Justification for read-across between ATMP acid and DTPMP sodium salt:
DTPMP acid is a member of the DTPMP category, which is comprised of the acid form and various salts of the same acid. DTPMP is an example of the aminomethylenephosphonic acid class. The justification for read across of a property to a DTPMP registration data set from a study conducted with a different phosphonate is considered as scenario 2.

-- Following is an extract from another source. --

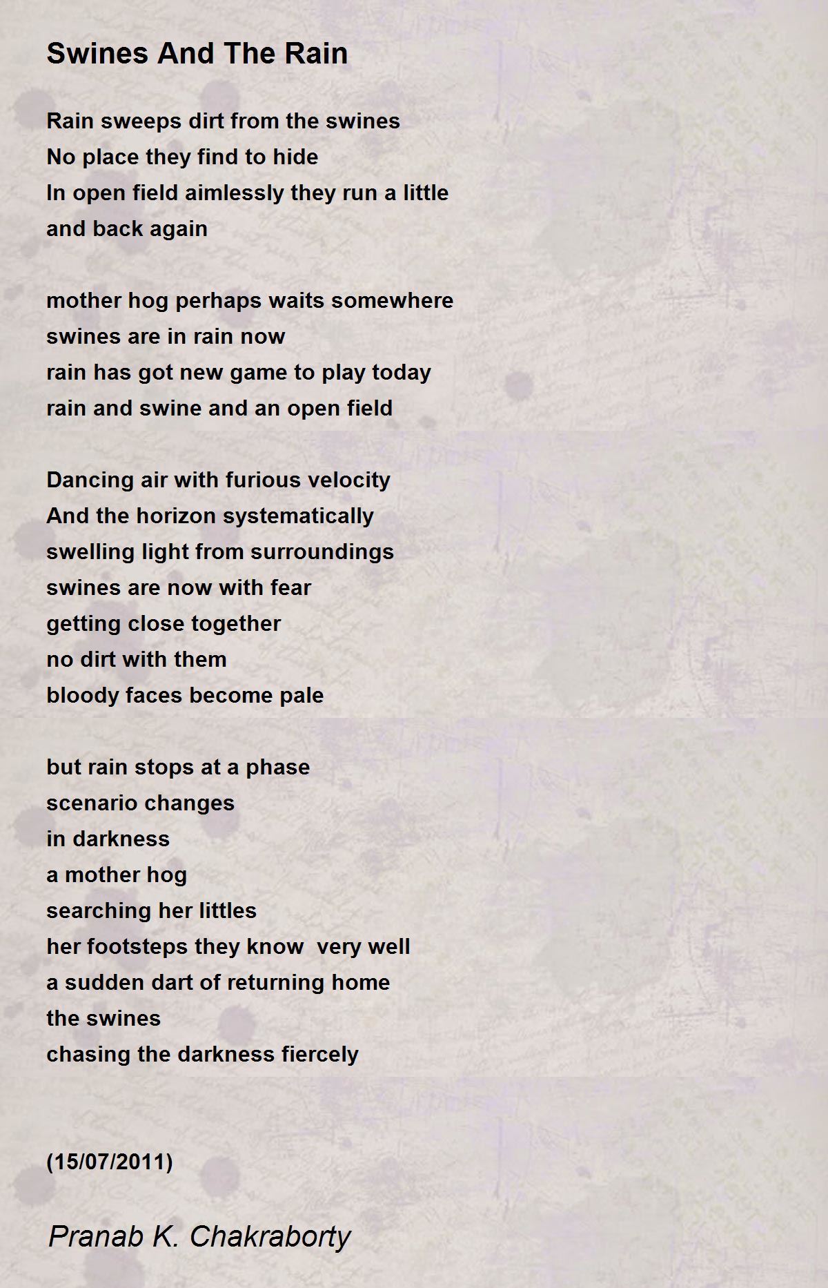 This comment sent by AMIT ROTHSCHILD to Pranab K, Chakraborty when its Title was 'RAIN AND SWINE'. Title of the same writing has been edited by me and it will not effect the comment I think: Swines or pigs piggybanking their pleasure of piggydaising a rain lashed day until the darkness created by the dark clouds or its dusk when they have to all go stywards.Until one day they are slayed to be served as salaamis, pork-bellies, chorizzos, hams(german-schinken) whatever we apprehend for the meat.Pigs are anecdotes and symbolic of savings in money.With pigs people mud-sling each other.Perhaps rain would have been sharing this pain to drench their muds and dirts down.Lightning or the uselessness of human self in the form of death is only to signify the essence of togetherness before being lost this way or another.But its end to life be it an animal like pig or instance or us social.Life is only until the last breath.In Germany pigs started after first world war the beer drinking story.After Germany lost to England and France in WW1-1914-1919..and german administration was destroyed, tonnes of pork bellies were US imports to Germany for its appetit but all it was affected with virus salmonella.This led to acute deaths and paralyses in Germany and the water also got contaminated.Since then the nationwide introduction of drinking beer in magnification and beer culture bingeing everytime serving alcohol chastity as also durch(german-thirst) .Rain is sometimes reminder of stories when life becomes standstill and look through its past.This poem is a notable rememberance of many such stories.

The registration substance shares a common chemistry to other aminomethylenephosphonates which incorporate alkyl backbones with one or more tertiary amine centres and multiple methylphosphonate groups present. DTPMP acid (CAS 15287-60-8) has three amine centres (five methylphosphonate groups), connected by ethyl chains. ATMP acid (CAS 6419-19-8) has three methylphosphonate groups connected by a central amine nitrogen. Typically, impurities include residual inorganic acids/salts and organic by-products from manufacturing. As well as being structural analogues, both phosphonates have consistent chemical properties including high MW (573 and 299 respectively), very low log Kow (<-3 for both substances) and are highly soluble in water. Both DTPMP and ATMP are very strong chelators with the ability to bind to inorganic surfaces. They undergo photodegradation and bind strongly and effectively irreversibly to substrates including soil and sediment. The substances in question generally posses similar physicochemical properties and are not readily biodegradable.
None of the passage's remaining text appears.